En réplique, il me semble que M. Ife nous suggère de s’éloigner des « besoins » qui dépolitisent un problème et l’amènent au niveau technocratique. Il insiste plutôt sur les droits sociaux et collectifs appuyés par une démocratie participative. Il revendique l’autodétermination (la participation et la transformation par un travail collectif).

En conclusion, M. Karsz nous rappelle que l’enfer est pavé de bonnes intentions. Il propose d’abord le témoignage pour renouveler les pratiques ; dire de quoi on parle, poser des questions entre autres sur l’inscription du travail social parmi les appareils idéologiques des États ; témoigner des conditions sociales en rapport avec les populations ciblées ; localiser les marges de manoeuvre ; autant d’actions qui répondraient au pari d’un renouvellement possible. Concernant les actions sociales, il insiste sur la démocratisation des actions sociales ; il y a, dit-il, des tendances démocratiques à l’oeuvre chez des travailleurs, des citoyens, il y a des alliances et du travail collectif possible. Le renouvellement est une utopie, écrit-il, alors il faut insister sur le pourquoi (ce qui est fait pour, en rapport avec, ce qui est fait avec).

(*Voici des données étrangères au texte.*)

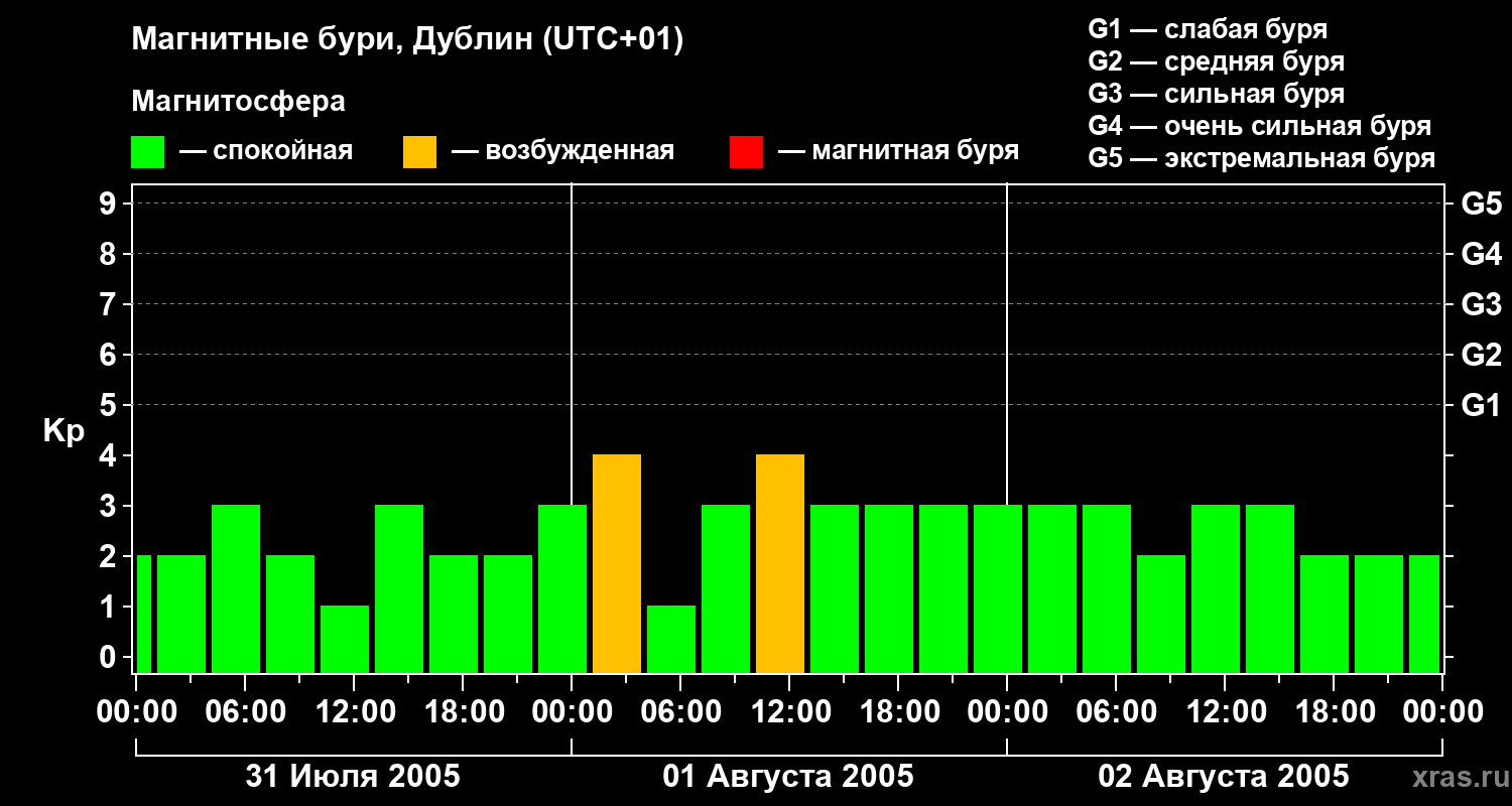 Изменения геомагнитного индекса Kp с 31 июля по 2 августа 2005 года для средних широт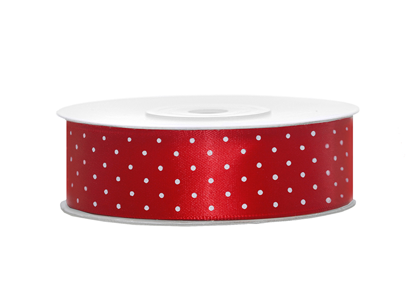 Satin ribbon, red, with white dots, width 25 millimeters, sold by the meter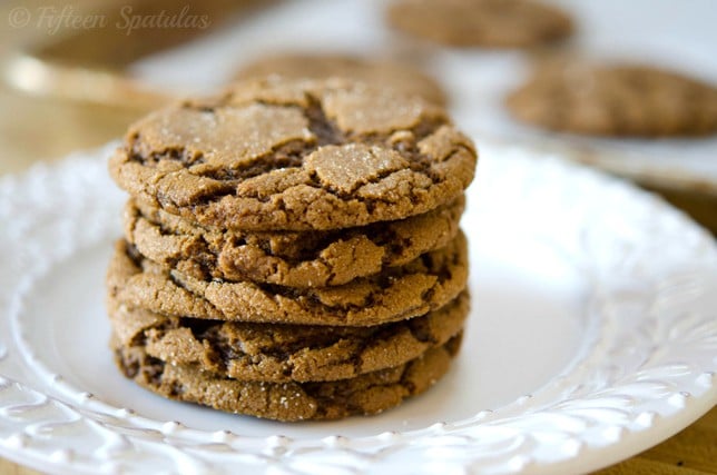 Today I bring you a recipe for one of my favorite EVER cookies, crinkled ginger molasses cookies. I developed these specifically so that they’re a cross between those puffy crinkle cookies and those flat chewy molasses cookies. They have a crisp edge and a super chewy inside, and I would liken the chewiness to a fudgy brownie kind of texture. It’s awesome.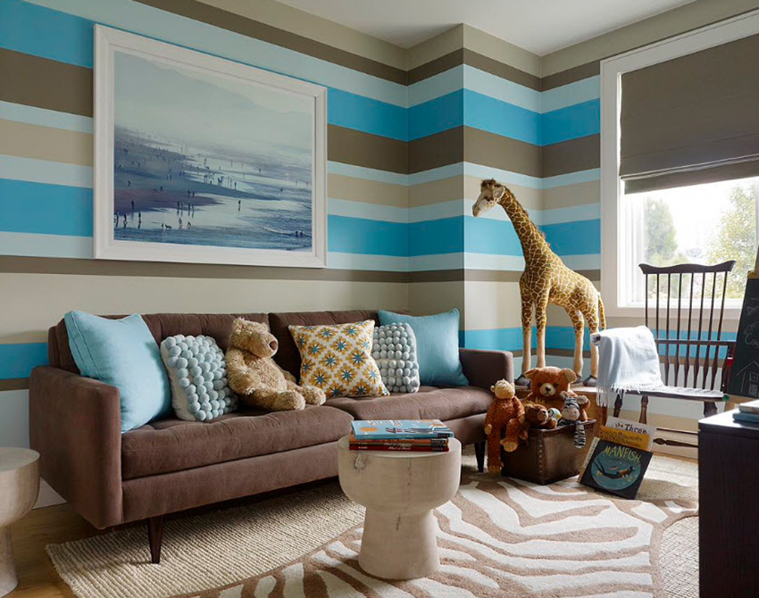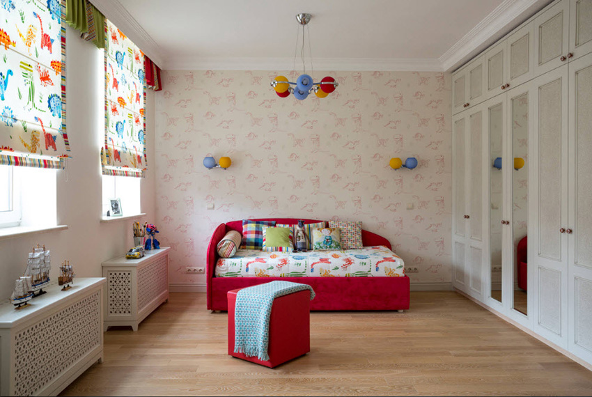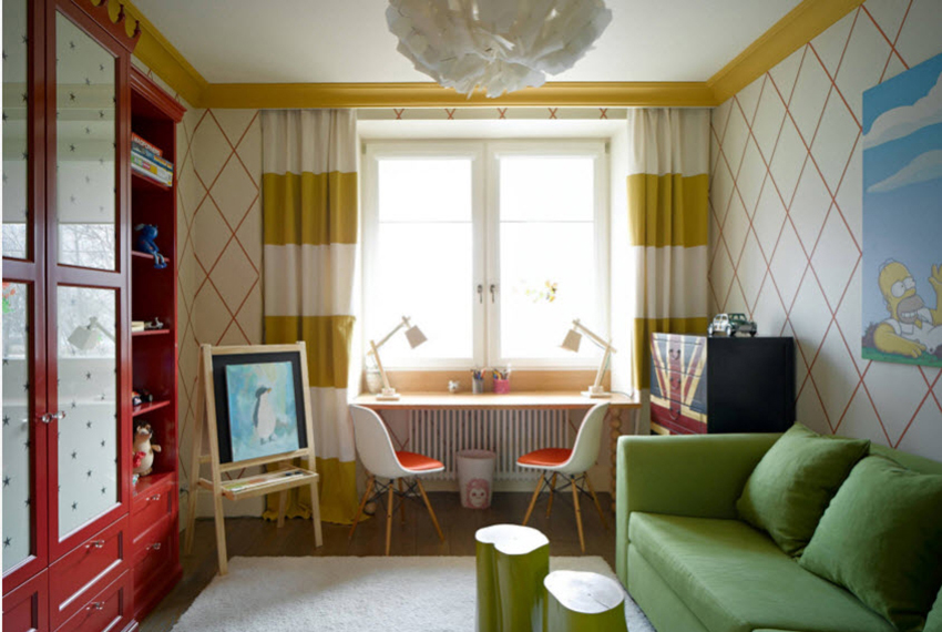 קירות נראים לא פחות אטרקטיביים בפנים חדר ילדים, שם סוג אחד של טפטים קובע את הרקע העיקרי של הקירות, והשני קיים רק באופן חלקי (במקום אחד או בכמה מקומות).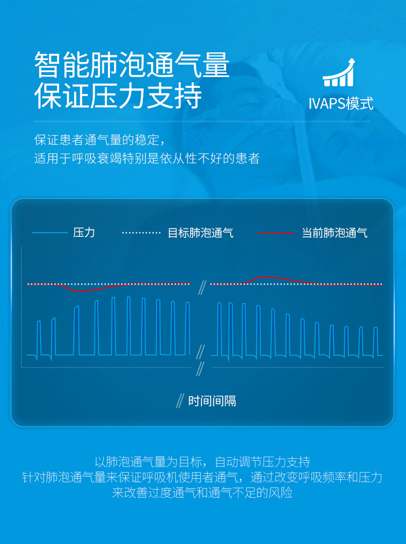 • 智能肺泡通氣量保證壓力支持模式(iVAPS):由瑞思邁公司研發(fā)的智能模式,通過自動調節(jié)壓力支持和提供智能后備頻率,保證肺泡通氣量。相較傳統(tǒng)以潮氣量為通氣目標,肺泡通氣量更精準反映患者通氣狀態(tài)。自動壓力調節(jié),減輕患者和醫(yī)護人員負荷。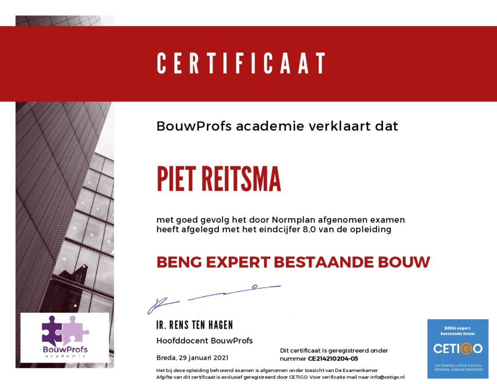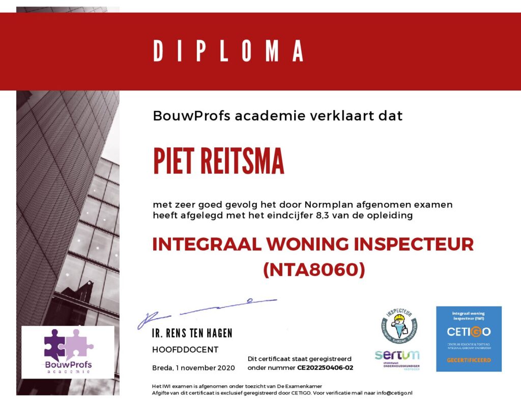 Sinds 2020 gediplomeerd woninginspecteur en BENG adviseur bestaande bebouwing.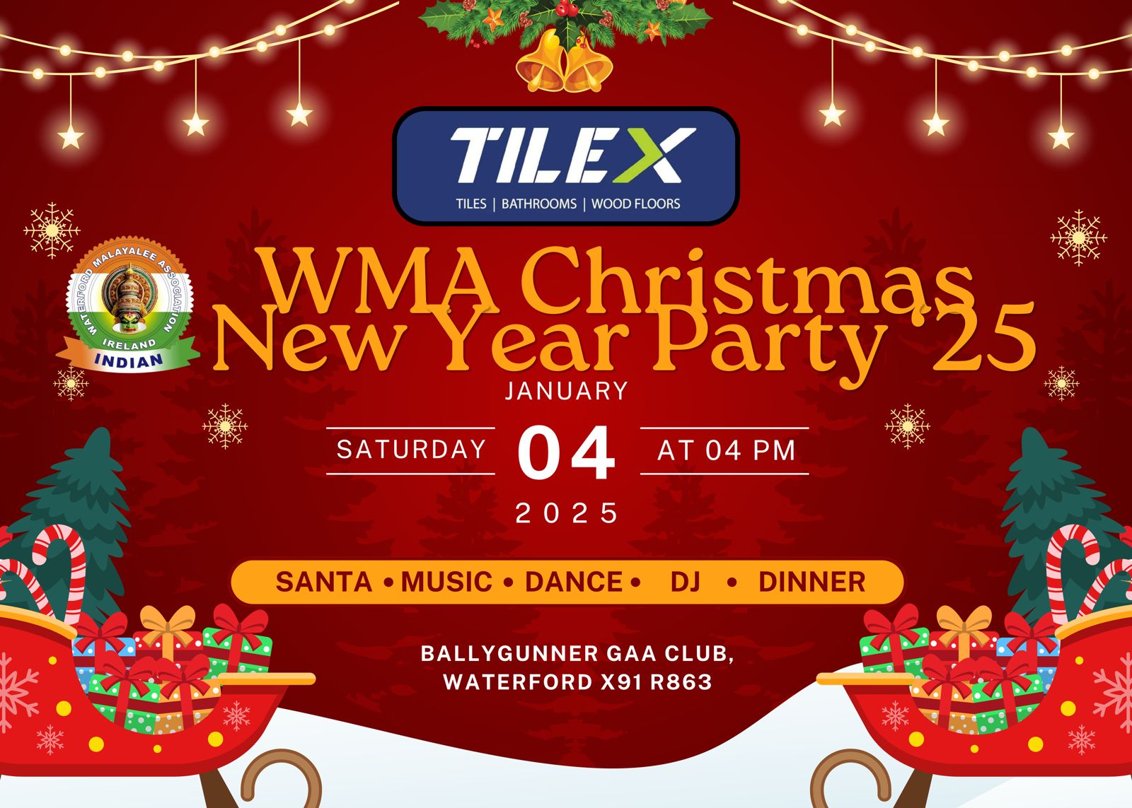വാട്ടർഫോർഡ്:വാട്ടർഫോർഡ് മലയാളി അസോസിയേഷൻറെ(WMA) ക്രിസ്മസ് പുതുവത്സരാഘോഷങ്ങളുടെ ഒരുക്കങ്ങൾ പൂർത്തിയായി. വാട്ടർഫോർഡ് ബാലിഗണർ GAA ക്ലബ് ഇൻഡോർ സ്റ്റേഡിയത്തിൽ ഇന്ന് വൈകുന്നേരം നാലുമണിക്ക് ആരംഭിക്കുന്ന പരിപാടികൾ രാത്രി പത്തു മണിയോടുകൂടി അവസാനിക്കുന്നതാണ്. വാട്ടർഫോർഡ് കൗണ്ടി മേയർ ജയ്സൺ മർഫി ആഘോഷ പരിപാടികൾ ഉദ്ഘാടനം ചെയ്യുന്നതാണ്

Personnellement, je retiens de tout cela que le défi réside dans le passage de l’individu de masse (fabriqué globalement, mondialement, technocratiquement) à l’individu social. Si nous convenons que la socialisation est un processus par lequel une personne intériorise les divers éléments de la culture environnante (valeurs, normes, codes symboliques, règles de conduite) et s’intègre à la vie sociale, il me semble que nous pouvons mieux comprendre l’appel à s’opposer au courant général et politiser ce renouveau que nous semblons souhaiter. C’est Gérard Mendel (2003 : 8) qui écrivait que le problème politique se trouve à l’articulation individu-collectif-société. Nous sommes de nombreux acteurs sociaux s’accommodant de nos propres collectifs, souvent affairés et complices de la construction d’une société morcelée facilement « marchandable ». Je souhaite que ce colloque et la publication de ce numéro spécial vont encourager l’activité de coopération entre nous pour agir autrement.